Friday, March 18, 2011

Looks like we're going to war again

(Additional Libya news resource: NPR's Libya live blog)

Josh Rogin on the Foreign Policy website:

Several senators emerged from the briefing convinced that the administration was intent on beginning military action against the forces of Col. Muammar al-Qaddafi within the next few days and that such action would include both a no-fly zone as well as a "no-drive zone" to prevent Qaddafi from crushing the rebel forces, especially those now concentrated in Benghazi.

"It looks like we have Arab countries ready to participate in a no-fly and no-drive endeavor," Sen. Lindsey Graham (R-SC) told reporters after the briefing.

Asked what he learned from the briefing, Graham said, "I learned that it's not too late, that the opposition forces are under siege but they are holding, and that with a timely intervention, a no-fly zone and no-drive zone, we can turn this thing around."

Sounds like war to me. Greenwald points out that it's totally unconstitutional for the president to unilaterally get us involved in a war of choice, and that Obama and Hillary Clinton have both articulated this point forcefully in the past:
Obama's answer seems dispositive to me on the Libya question: "The President does not have power under the Constitution to unilaterally authorize a military attack in a situation that does not involve stopping an actual or imminent threat to the nation." And he went on to say that the President could constitutionally deploy the military only "in instances of self-defense." Nobody is arguing -- nor can one rationally argue -- that the situation in Libya constitutes either an act of "self-defense" or the "stopping of an actual or imminent threat to the nation." How, then, can Obama's campaign position possibly be reconciled with his ordering military action in Libya without Congressional approval (something, it should be said, he has not yet done)?
My assumption is that after Obama meets with congressional leaders at 12:30 Eastern time (presumably happening as I write this) and speaks to the nation at 2:00pm Eastern, he will ask for and get from Congress an authorization to use force in Libya.
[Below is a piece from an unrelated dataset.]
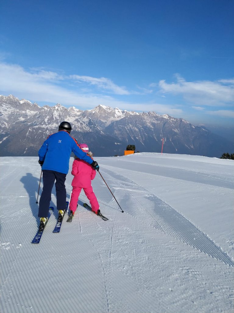 Inverno 2019-2020, neve regolare, non abbondante ma si sciava bene anche grazie all’integrazione della neve sparata. Sul finire della stagione arriva il Covid: ricordo una delle ultime sciate, nella cabinovia che dal Passo del Tonale sale al Passo Paradiso e poi ai 3000 metri della base dell’ultimo strappo che porta chi vuole salire a piedi (con scarponi e tecnica da alpinismo invernale, mi raccomando!) alla Cima Presena (3068). Nel primo tratto, stipati come sardine, ci siamo tirati il salvagola su naso e bocca e … l’è nada, è andata! Arrivati ai 3000 metri, una foto (sovraesposta, ma vabbè …) con lo sfondo del ghiacciaio del Mandrone nel gruppo dell’Adamello. Altra foto, in Paganella a fare da maestro di sci ad una nipotina.

I read somewhere that American public opinion is currently against military intervention in Libya, but I just don't picture Congress saying "No" when the President asks "Do I have your permission to bomb Qaddafi?"

I just want to know that the administration is gaming out the consequences of this. Ten years from now, I don't want to be reading how the United States plans to reduce its troop presence in Libya to 40,000 from its current 58,000 level. Why aren't other governments acting? Why are we always the ones to do the bombing? What are all those sophisticated weapons we've sold/given to Saudi Arabia and Egypt for, anyway?

The idea of beating back Qaddafi is very appealing. But violence has so many consequences. And though the Libyan rebels sprang from the pro-democracy/pro-reform movement sweeping the Middle East, I don't actually know what their politics are. I desperately hope that Qaddafi either steps down or is pushed out by someone in his own circle, and that people can stop shooting and start negotiating. But I don't think that's likely. The "cease fire" Qaddafi declared seems to be phony, and he has an enormous incentive to seize Benghazi before other countries start to intervene.